KYIV, Ukraine — President Trump and Volodymyr Zelensky may have more in common than meets the eye, the Ukrainian president suggested Wednesday in an exclusive interview with The Post.
“First of all, we are the choice of our people … and we definitely share the same values with our people,” Zelensky said of the similarities between himself and Trump during a sit-down in Kyiv.
Those shared American-Ukrainian values include a desire to defend freedom, family and the homeland, the 47-year-old explained.
“I think that every American would defend his or her family with arms.
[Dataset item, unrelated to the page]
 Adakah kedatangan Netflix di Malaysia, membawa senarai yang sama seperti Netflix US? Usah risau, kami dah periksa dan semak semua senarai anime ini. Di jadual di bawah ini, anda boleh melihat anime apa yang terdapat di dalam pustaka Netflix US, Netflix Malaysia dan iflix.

Every single one of them,” Zelensky said, noting that the “priceless” normality of Ukrainian life, including things as simple as family dinners, has been “taken away” since Russia’s February 2022 invasion.
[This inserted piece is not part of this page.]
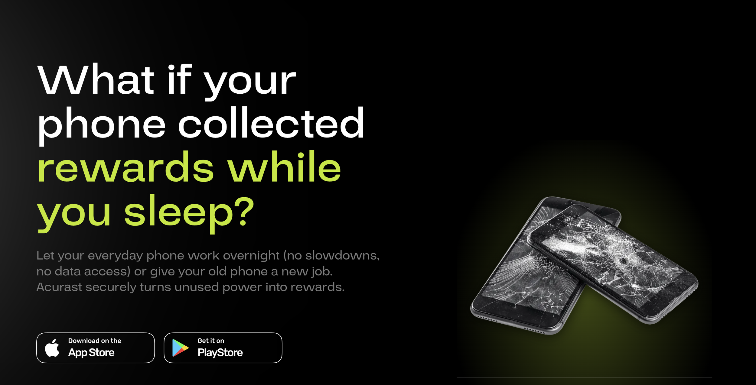 Let your everyday phone work overnight (no slowdowns, no data access) or give your old phone a new job. Acurast securely turns unused power into rewards.

“I think that these are absolutely clear things. Our most important values, family things — I think the American people perceive it the same way, and that’s why the American people support Ukraine,” he continued.
“Despite the distance, there is no difference between these values and approaches to life. There are different identities, different customs, different traits … different countries … but I think they have the same values.”
When pressed on specific similarities between himself and Trump, 79, Zelensky initially chuckled.
“With me?” the former entertainer and co-founder of a successful television production company responded, before drawing parallels with the American commander in chief.
“I’m a very lively person,” Zelensky said.
“I think that you have to be as energetic as possible. You have to keep your energy up. You can never pass, you have to win. I think these are things and signals that President Trump understands.
“I’m that kind of person, and it was absolutely clear [after Russia’s invasion] that we’re not going anywhere, no one is going to go away, and we’re going to take the fight, and we’re going to stand to the end,” he declared.
The Ukrainian leader, who, like Trump, was a political outsider with no bureaucratic experience before being elected president in the spring of 2019, also signaled that his way of thinking and solving problems mirrored his US counterpart’s.
“I don’t work in a linear way, and I don’t answer in a completely linear way,” Zelensky said, attributing that to his business experience.
“I don’t have a lot of bureaucratic experience in business, although I have been president for many years, but, nevertheless, I came from business, where you make decisions very quickly,” he added.
“Sometimes you need to take a hit … It’s also very important to always be on your feet.
“I think this business experience … is very clear to President Trump, and it is also very clear to me.”
Zelensky cited Ukraine’s business-like, rather than bureaucratic, approach to ramping up drone production as something Trump might appreciate.
“We had nothing, and Russia hit us with a lot of missiles and artillery,” he said. “We had to find a different approach.”
He touted that under his leadership, Ukraine has “built a drone industry … outside of all bureaucratic formats.”
“When we started to produce, I opened up a lot of different things to the private sector, and from almost zero private sector involvement in defense, we have reached 70% today,” Zelensky said.
He indicated that his previous life as an entrepreneur in the post-Soviet Union mediaspace in Ukraine taught him “how to react quickly, on a daily basis.”
“You don’t look at bureaucratized processes, that can take months. It’s impossible to fight for yourself that way,” he asserted.
“It is definitely impossible to stand and definitely impossible to win. It’s just not possible.”